Could you print the stretch of lines below from the one with "Now Hiring: Certified" through the one with "The special thing", exactly as they stand and without any pictures?

[Opening GIVEN DATA section]

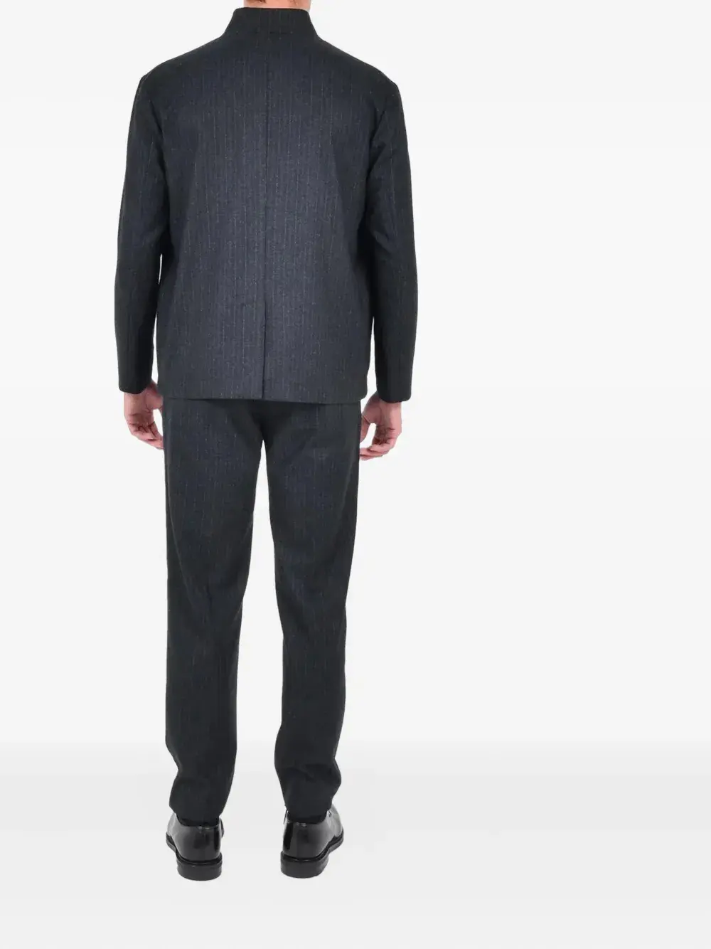темно-серый цвет с узором в тонкую полоску, застежка на пуговицы спереди, стойка-воротник, накладные карманы спереди, длинные рукава, прямой низ
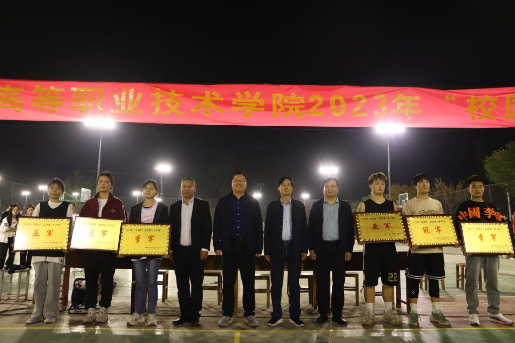 10月24日晚,高等职业技术学院2023年“校园杯”篮球赛闭幕式在东篮球场举行,学院党委副书记杨大光、张高峰,副院长王铁固、付俊辉及团委、学生科、各系党支部书记、辅导员、运动员等200余人参加了闭幕式。本次比赛由学院团委、学生科、体育教学部联合举办。
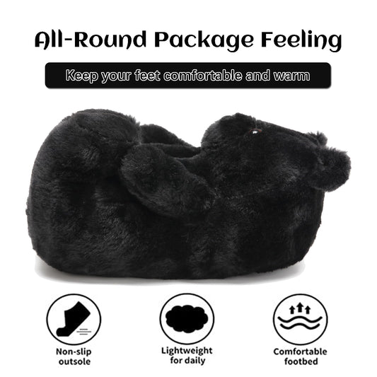 Women's Teddy Bear Slippers Black Fuzzy Slippers for Women Indoor Cute House Slippers for Women Ladies Teen Girls Fluffy Funny Bedroom Animal Slippers for Women Birthday Valentine's Day Gift Ideas
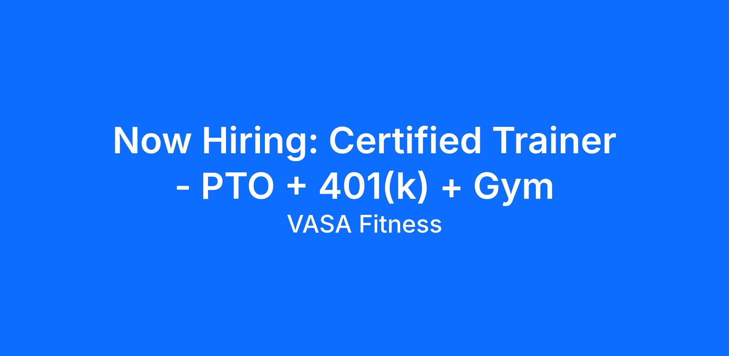 Now Hiring: Certified Trainer - PTO + 401(k) + Gym
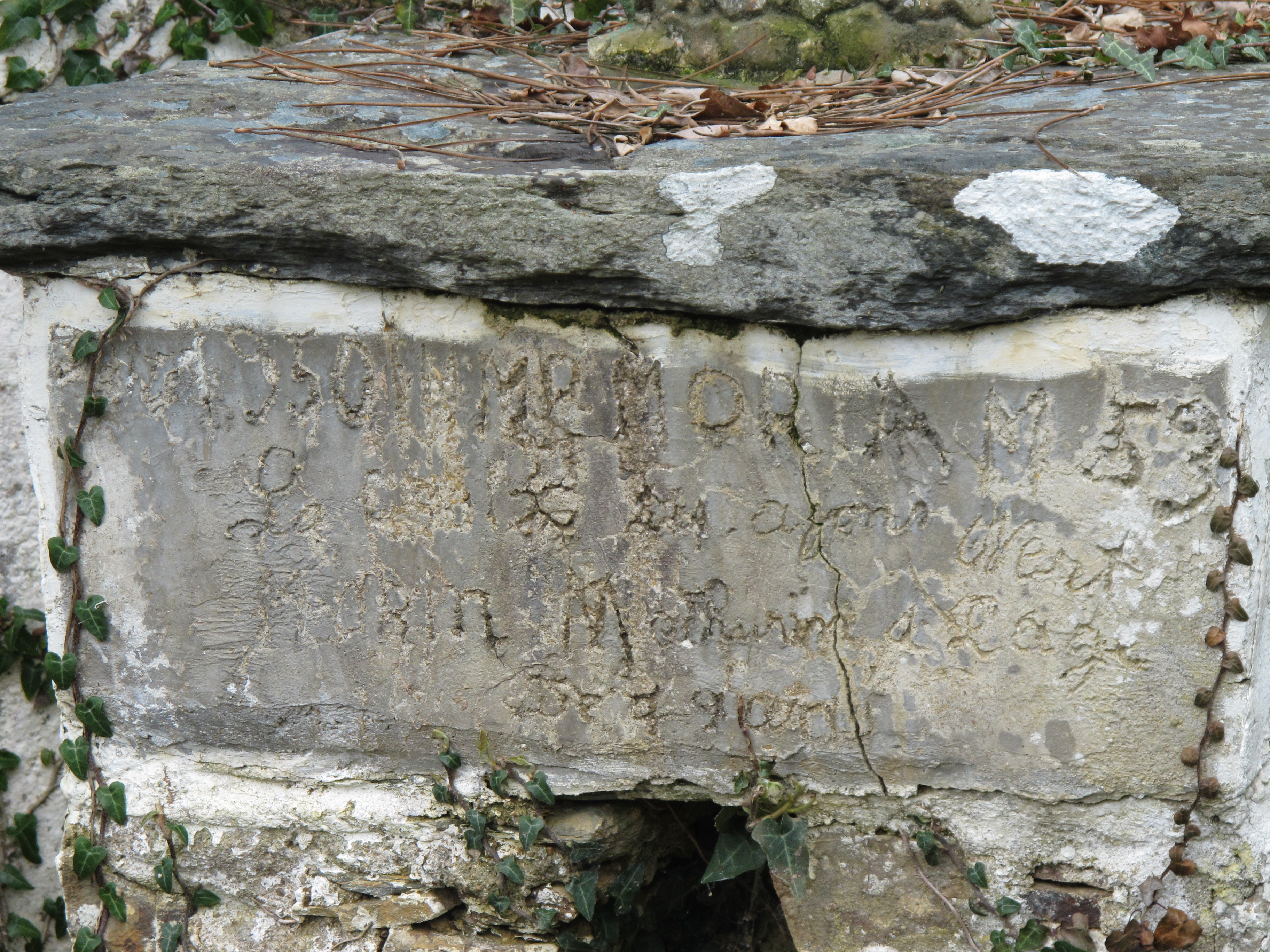 Vaulaurent, croix commémorative : inscription (état en 2013)Immatriculation
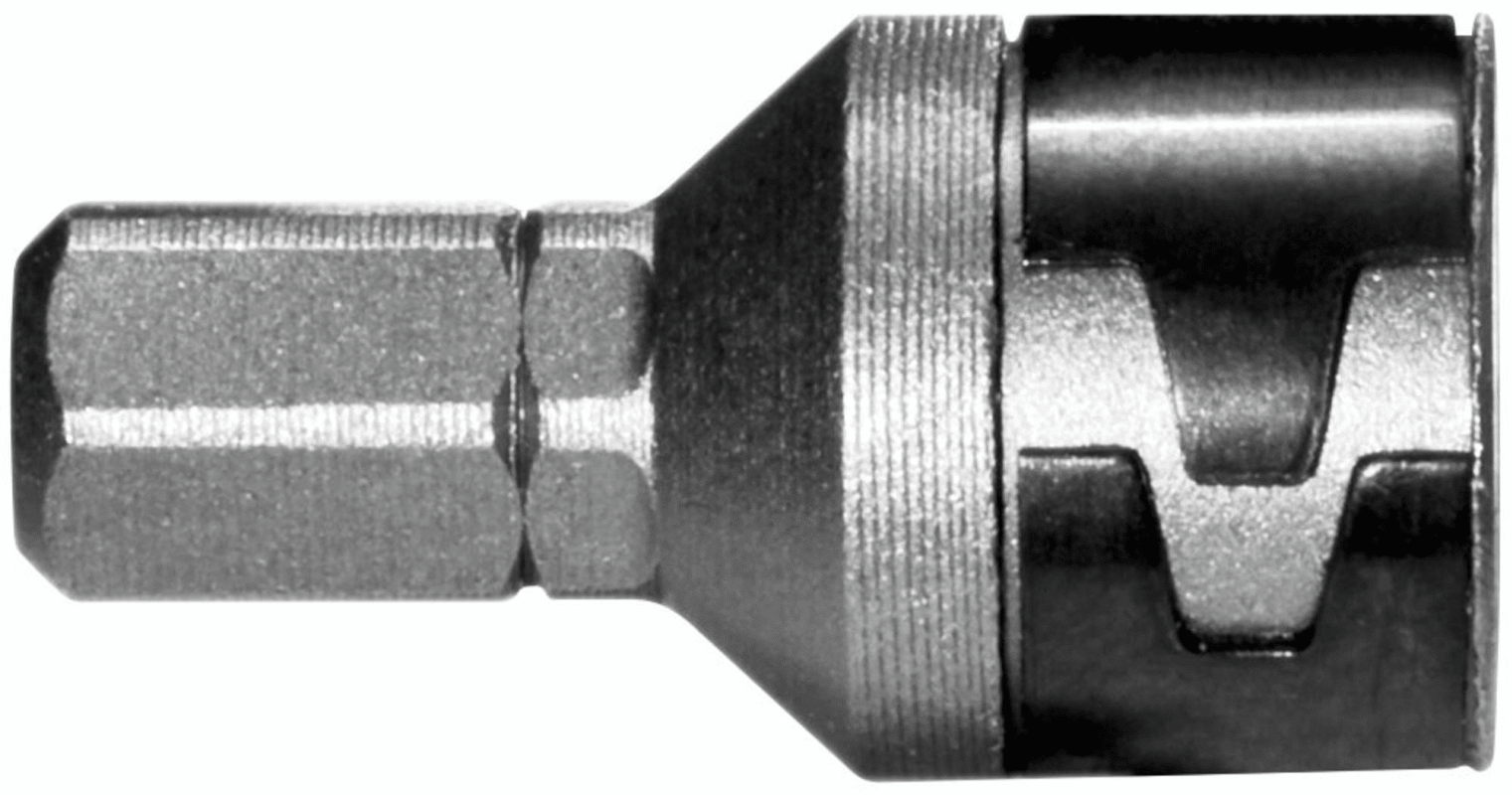 Steckschlüssel für Sechskantkopfschrauben. Der Steckschlüssel ermöglicht die Verarbeitung von Schrauben mit Sechskantkopf in Verbindung mit dem Tiefenanschlags DC UNI FF. Der 1/4" Sechskantschaft wird dazu in die Bitaufnahme gesteckt. Die Kugelklemmung im Steckschlüsselkopf bewirkt eine verbesserte Haltekraft der Schraube auf dem Steckschlüssel.
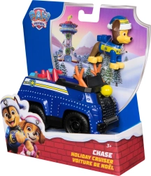 Λεπτομερές μπλε όχημα με χριστουγεννιάτικα στοιχεία και τροχούς που κινούνται ελεύθερα. Η φιγούρα CHASE με χειμωνιάτικο σκουφί κάθεται απευθείας στο κόκπιτ και είναι έτοιμη για δράση.
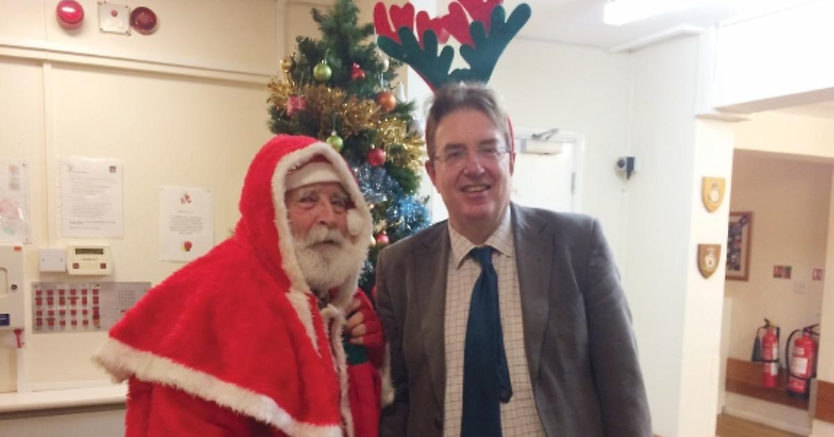 He went to the Leonard Cheshire Home in Burcot and donned reindeer antlers while posing for a photo with Father Christmas.
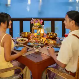 The special thing about our stay this time is that the hotel has arranged a Valentine's Day Dinner for us to try before anyone else, with the Valentine's Jetty Romance set, arranged at the hotel's pier that juts out into the middle of the lake. The view is the best, and the sunset is very clear. Dinner starts from 17:00-21:00, with 4 courses served with Sparkling Wine. This dinner will be available only on February 13-15, 2025. Hurry and book now.
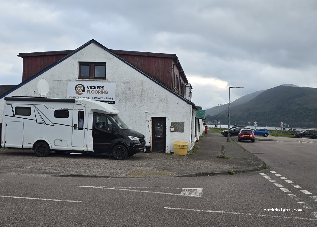 Non loin de la mer. Des toilettes sont ouvertes de 8h à 21h. Il y a également une laverie ouverte de 9h à 17h du lundi au samedi ainsi qu'une supérette et une pharmacie. À 5 minutes du parking des randonnée du Ben Nevis. Moins de midges qu'en forêt car il y a toujours un peu de vent. Interdit de rester la nuit

[Closing GIVEN DATA section]

**ANSWER BOX**
 Now Hiring: Certified Trainer - PTO + 401(k) + Gym
 Vaulaurent, croix commémorative : inscription (état en 2013)Immatriculation
 Steckschlüssel für Sechskantkopfschrauben. Der Steckschlüssel ermöglicht die Verarbeitung von Schrauben mit Sechskantkopf in Verbindung mit dem Tiefenanschlags DC UNI FF. Der 1/4" Sechskantschaft wird dazu in die Bitaufnahme gesteckt. Die Kugelklemmung im Steckschlüsselkopf bewirkt eine verbesserte Haltekraft der Schraube auf dem Steckschlüssel.
 Λεπτομερές μπλε όχημα με χριστουγεννιάτικα στοιχεία και τροχούς που κινούνται ελεύθερα. Η φιγούρα CHASE με χειμωνιάτικο σκουφί κάθεται απευθείας στο κόκπιτ και είναι έτοιμη για δράση.
 He went to the Leonard Cheshire Home in Burcot and donned reindeer antlers while posing for a photo with Father Christmas.
 The special thing about our stay this time is that the hotel has arranged a Valentine's Day Dinner for us to try before anyone else, with the Valentine's Jetty Romance set, arranged at the hotel's pier that juts out into the middle of the lake. The view is the best, and the sunset is very clear. Dinner starts from 17:00-21:00, with 4 courses served with Sparkling Wine. This dinner will be available only on February 13-15, 2025. Hurry and book now.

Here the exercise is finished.